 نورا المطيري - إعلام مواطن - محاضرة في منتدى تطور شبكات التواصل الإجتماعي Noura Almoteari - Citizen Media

-----

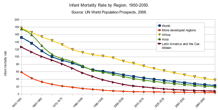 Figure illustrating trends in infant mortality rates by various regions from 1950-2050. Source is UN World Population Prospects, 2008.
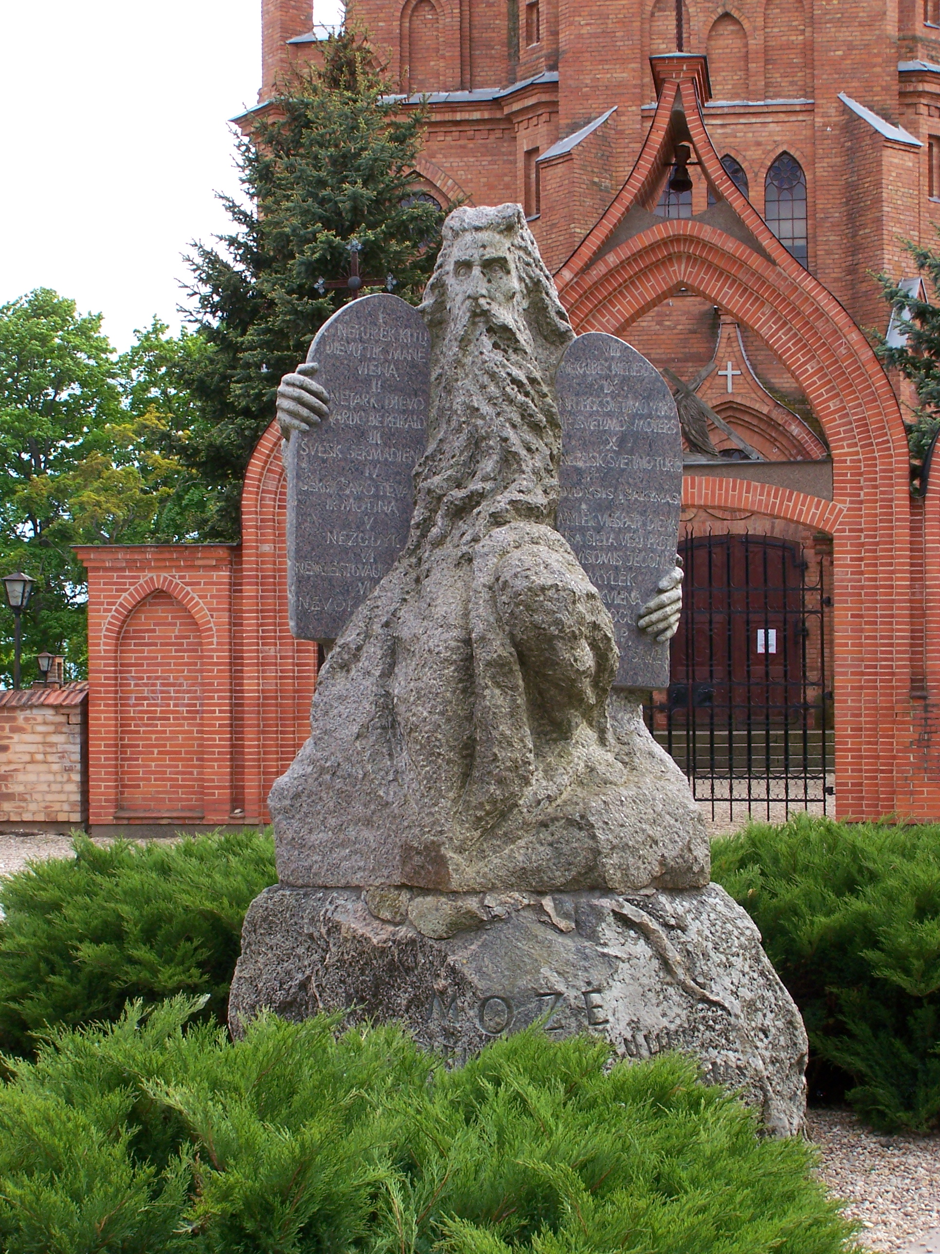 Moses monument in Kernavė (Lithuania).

-----

Your goal:
Print an exact copy of the lines above, from the one containing "Figure illustrating trends" through the one containing "Moses monument in Kernavė (Lithuania).", and leave out the pictures.

Solution to the problem:
 Figure illustrating trends in infant mortality rates by various regions from 1950-2050. Source is UN World Population Prospects, 2008.
 Moses monument in Kernavė (Lithuania).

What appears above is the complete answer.